题目
Given an integer array nums, find the contiguous subarray within an array (containing at least one number) which has the largest product.
分析
定义f[i] = what is the max subarray product that ends with index i(inclusive) ?
怎么通过f[j], j < i 来计算f[i]?
假设我们已经知道f[j] (max subarray product that ends with index j)
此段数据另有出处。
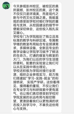 现代中药产业学院2025级新生入学仪式在轻松而愉悦的氛围中圆满落幕。此次彭州之行不仅是一堂生动的“开学第一课”,更是一次深刻的思想洗礼和初心教育,极大地增强了新生对学院的归属感与认同感,为其明确未来方向、合理规划大学生活奠定了坚实的基础。愿全体2025级新同学在现代中药产业学院的沃土上,乘风破浪,扬帆远航,书写无愧于自己、无愧于时代的青春华章!

那么f[i] 要么是f[j] * A[i], 要么是A[i]本身
根据上面这个直白的转移方程,我们写出以下代码
class Solution {
public int maxProduct(int[] A) {
int n = A.length, ans = A[0];
int[] f = new int[n];
f[0] = A[0];
for(int i = 1; i < n; i++) {
f[i] = Math.max(A[i], f[i - 1] * A[i]);
ans = Math.max(ans, f[i]);
}
return ans;
}
}
但是上面这个代码fail了以下test case
这是因为我们没有考虑到这个情况:
A[i] 的前面有一个非常大的负数product subarray,而且A[i]本身也是负数。两者相乘可以得出一个正数的,非常大的数字
Input:
[-2,3,-4]
Output:
3
Expected:
24
经过修改后,程序如下
class Solution {
public int maxProduct(int[] A) {
int n = A.length, ans = A[0];
int[] f = new int[n];
int[] g = new int[n];
f[0] = A[0];
g[0] = A[0];
for(int i = 1; i < n; i++) {
f[i] = Math.max(A[i], Math.max(f[i - 1] * A[i], g[i - 1] * A[i]));
g[i] = Math.min(A[i], Math.min(g[i - 1] * A[i], f[i - 1] * A[i]));
ans = Math.max(ans, f[i]);
}
return ans;
}
}
简化一下空间复杂度,最终代码如下
class Solution {
public int maxProduct(int[] nums) {
if(nums.length == 0) return 0;
int min = nums[0];
int max = nums[0];
int product = nums[0];
for(int i = 1; i < nums.length; i++) {
int nextMax = max * nums[i];
int nextMin = min * nums[i];
max = Math.max(nums[i], Math.max(nextMax, nextMin));
min = Math.min(nums[i], Math.min(nextMax, nextMin));
product = Math.max(product, max);
}
return product;
}
}